WHAT THE TASK ASKS: Retype exactly what appears below from the line containing "Accept / Cancel" down to the line containing "三雲幼稚園創立40周年を記念してみんなの手形を押して旗を作ったよ!", keeping both end lines. Do not include pictures.

THE RECORDS:
****

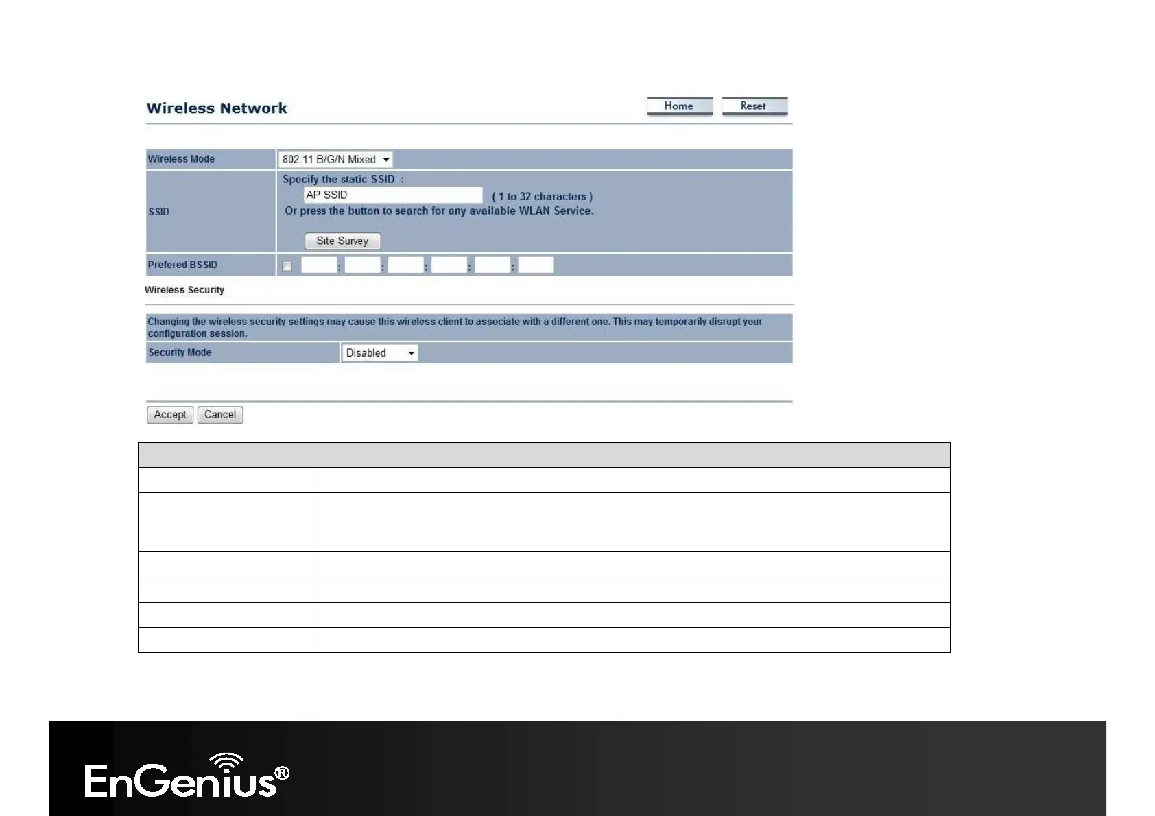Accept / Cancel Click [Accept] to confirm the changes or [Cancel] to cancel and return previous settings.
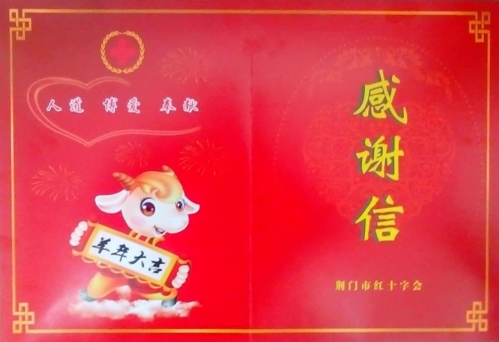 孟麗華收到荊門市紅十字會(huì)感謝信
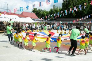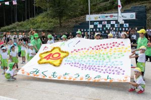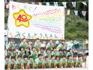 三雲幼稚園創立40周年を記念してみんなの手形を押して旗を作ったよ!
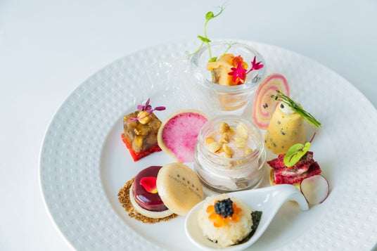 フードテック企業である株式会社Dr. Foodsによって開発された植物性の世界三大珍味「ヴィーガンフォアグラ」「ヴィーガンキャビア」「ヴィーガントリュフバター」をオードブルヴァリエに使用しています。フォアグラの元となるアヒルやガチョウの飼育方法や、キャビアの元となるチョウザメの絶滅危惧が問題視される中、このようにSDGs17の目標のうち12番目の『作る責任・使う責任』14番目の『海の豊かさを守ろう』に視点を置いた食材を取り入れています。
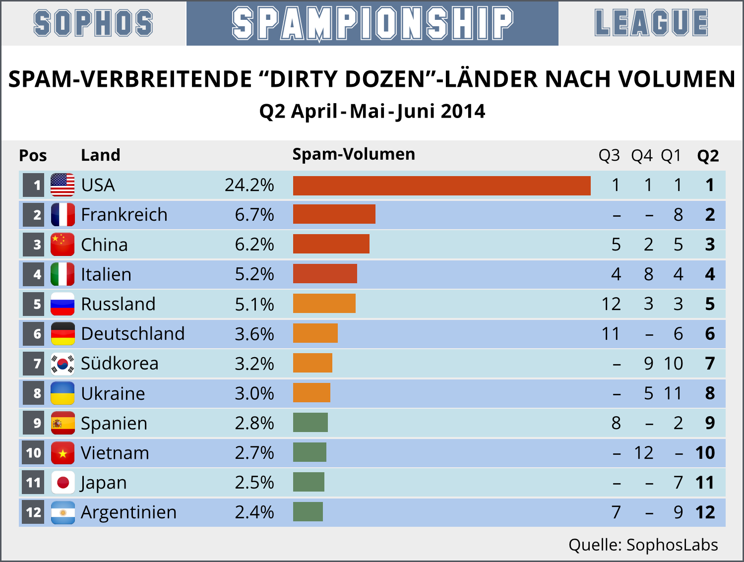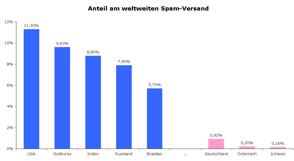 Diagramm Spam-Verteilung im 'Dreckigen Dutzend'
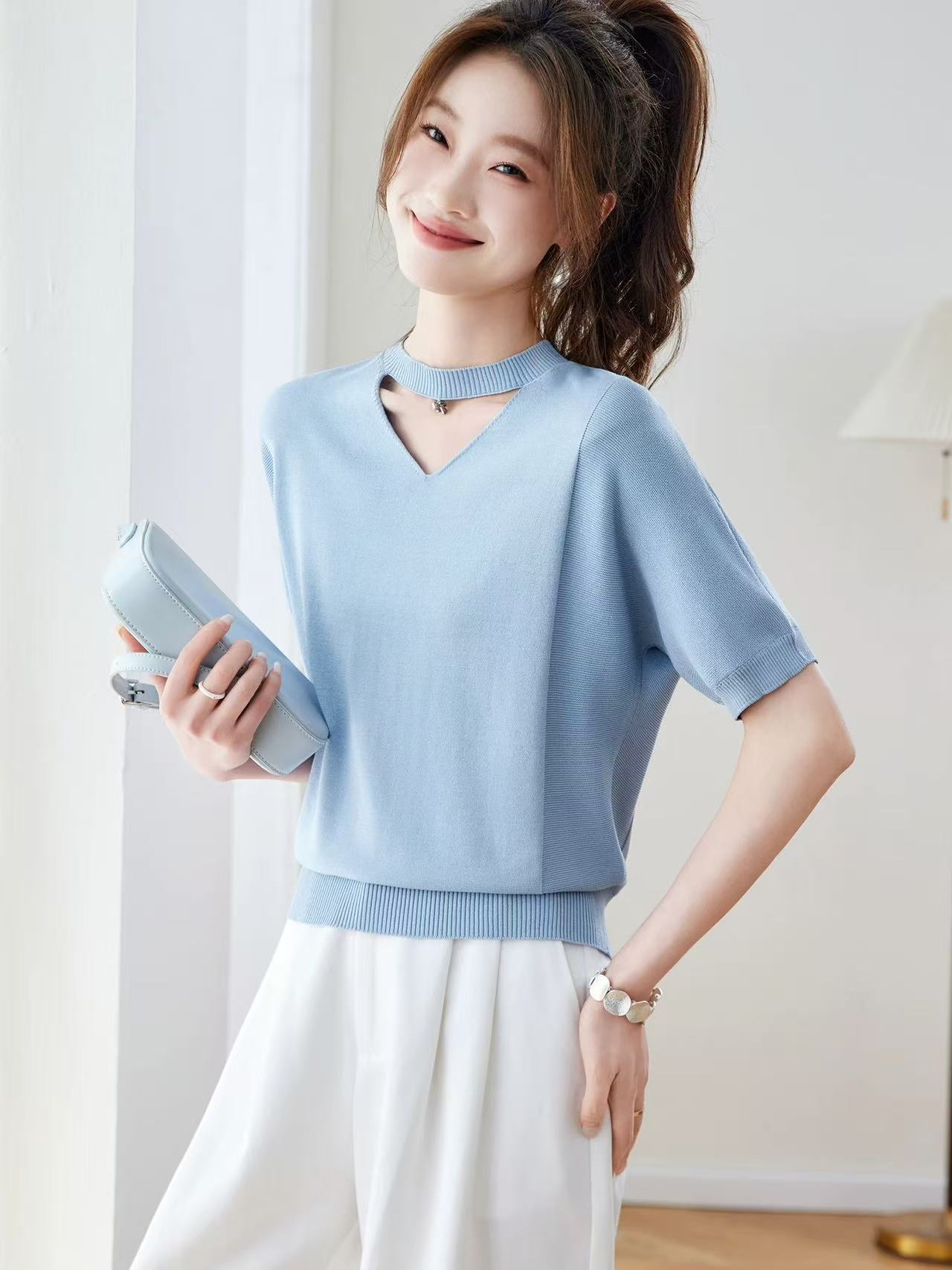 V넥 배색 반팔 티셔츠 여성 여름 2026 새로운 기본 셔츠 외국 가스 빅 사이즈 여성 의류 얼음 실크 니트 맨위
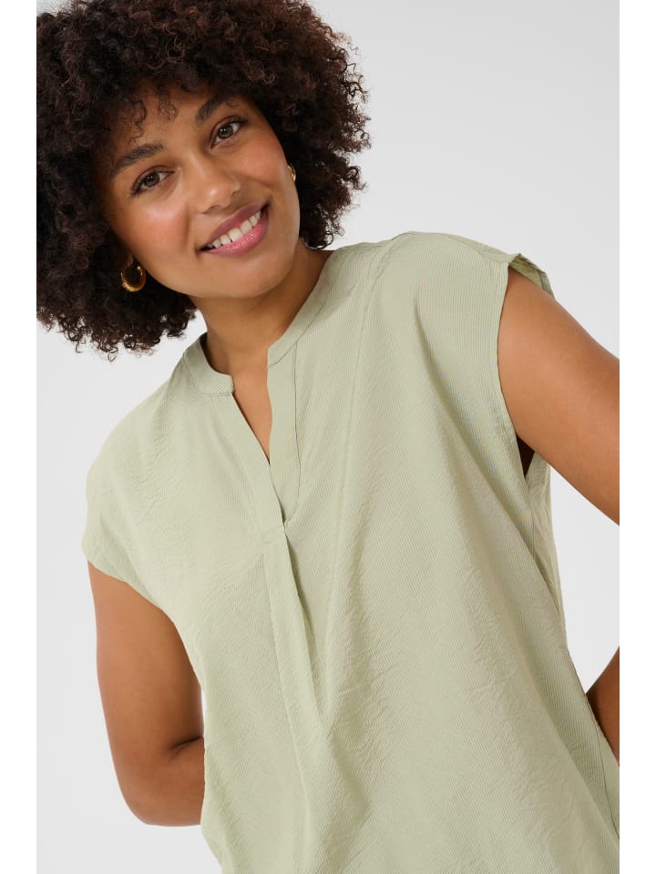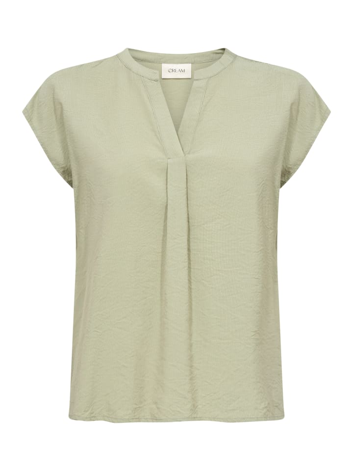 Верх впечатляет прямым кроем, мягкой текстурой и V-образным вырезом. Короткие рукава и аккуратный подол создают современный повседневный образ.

****

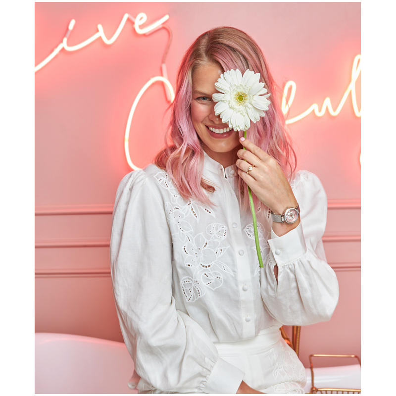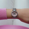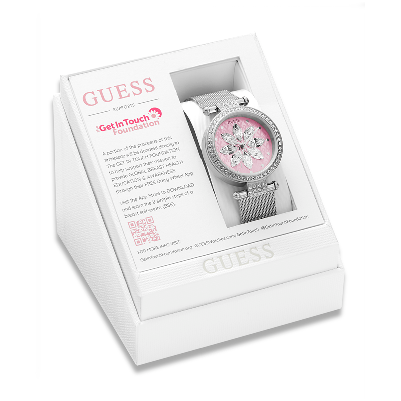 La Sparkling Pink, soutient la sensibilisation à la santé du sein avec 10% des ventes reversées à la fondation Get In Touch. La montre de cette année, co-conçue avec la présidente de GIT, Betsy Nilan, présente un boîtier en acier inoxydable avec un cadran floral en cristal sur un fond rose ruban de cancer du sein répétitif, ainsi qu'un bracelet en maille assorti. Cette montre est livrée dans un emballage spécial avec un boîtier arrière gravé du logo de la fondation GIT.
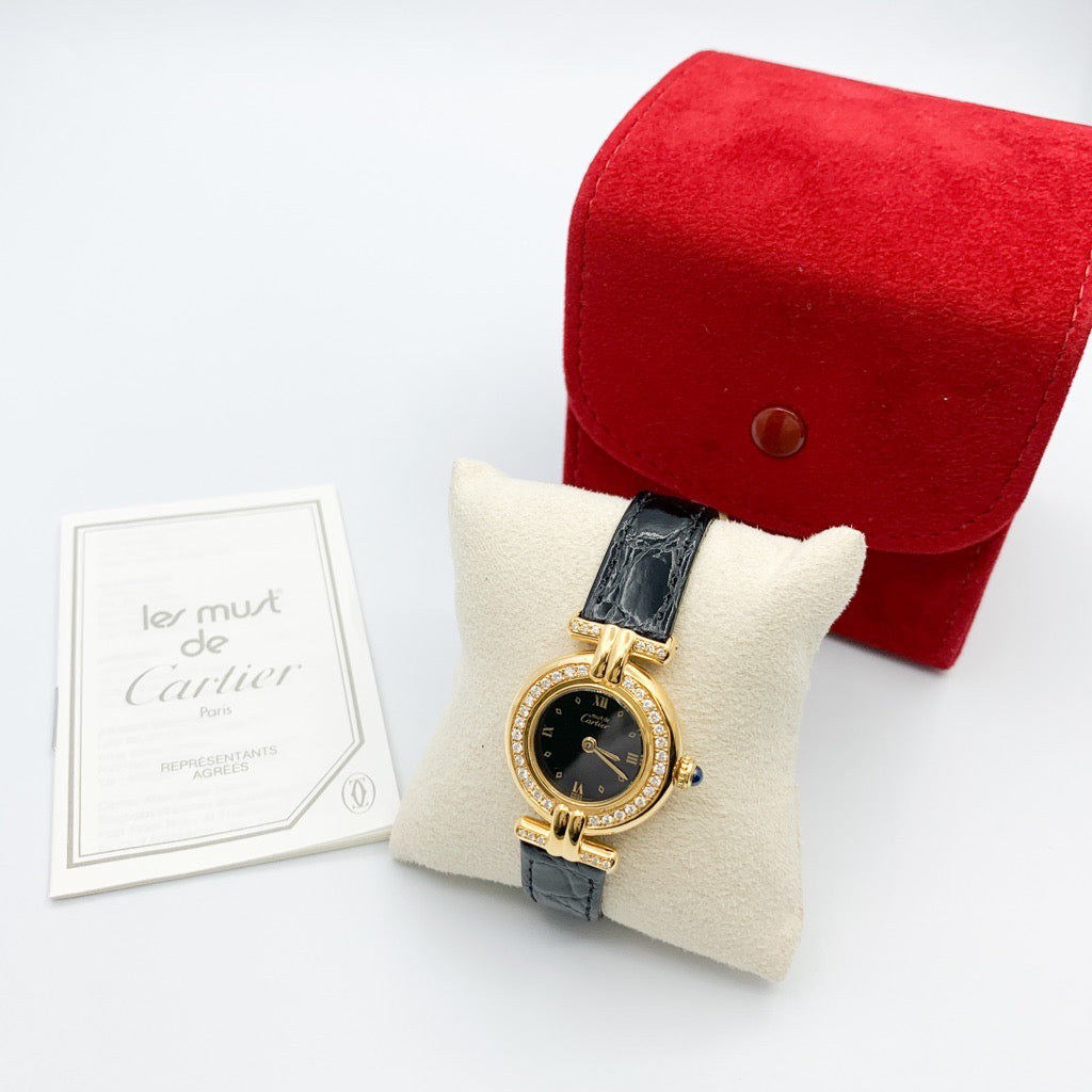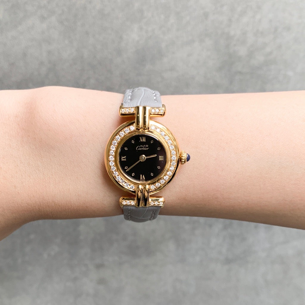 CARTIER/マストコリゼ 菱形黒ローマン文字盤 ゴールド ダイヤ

****

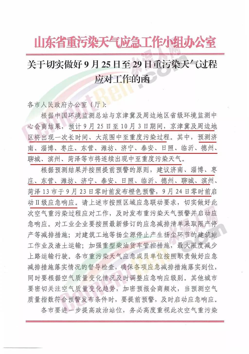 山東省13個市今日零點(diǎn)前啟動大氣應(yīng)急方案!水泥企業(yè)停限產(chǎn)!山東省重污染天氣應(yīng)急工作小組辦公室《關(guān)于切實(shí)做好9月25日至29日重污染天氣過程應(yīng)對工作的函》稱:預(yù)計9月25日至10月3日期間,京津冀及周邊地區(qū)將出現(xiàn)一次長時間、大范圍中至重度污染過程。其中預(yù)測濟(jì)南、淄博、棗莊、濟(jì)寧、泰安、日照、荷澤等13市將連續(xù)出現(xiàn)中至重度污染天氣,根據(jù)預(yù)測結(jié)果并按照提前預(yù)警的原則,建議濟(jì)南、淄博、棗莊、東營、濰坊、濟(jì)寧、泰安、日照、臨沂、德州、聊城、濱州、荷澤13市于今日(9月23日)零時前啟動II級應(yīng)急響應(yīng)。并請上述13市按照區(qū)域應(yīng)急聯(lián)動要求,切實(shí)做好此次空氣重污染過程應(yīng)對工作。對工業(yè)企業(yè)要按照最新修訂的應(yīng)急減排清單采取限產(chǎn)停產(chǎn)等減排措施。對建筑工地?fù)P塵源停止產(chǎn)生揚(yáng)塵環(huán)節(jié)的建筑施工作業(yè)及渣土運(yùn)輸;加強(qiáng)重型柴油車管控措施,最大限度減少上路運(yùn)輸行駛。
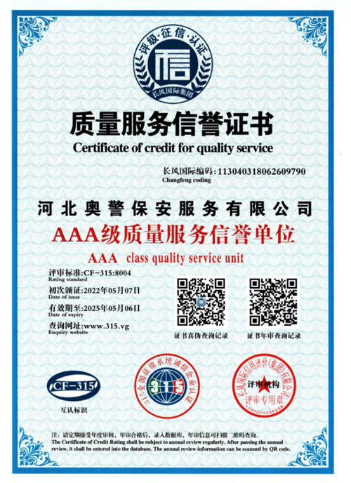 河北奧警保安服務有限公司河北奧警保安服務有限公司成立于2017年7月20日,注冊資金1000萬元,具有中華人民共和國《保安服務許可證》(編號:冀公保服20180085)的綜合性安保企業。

****

EXERCISE RESPONSE:
Accept / Cancel Click [Accept] to confirm the changes or [Cancel] to cancel and return previous settings.
 孟麗華收到荊門市紅十字會(huì)感謝信
 三雲幼稚園創立40周年を記念してみんなの手形を押して旗を作ったよ!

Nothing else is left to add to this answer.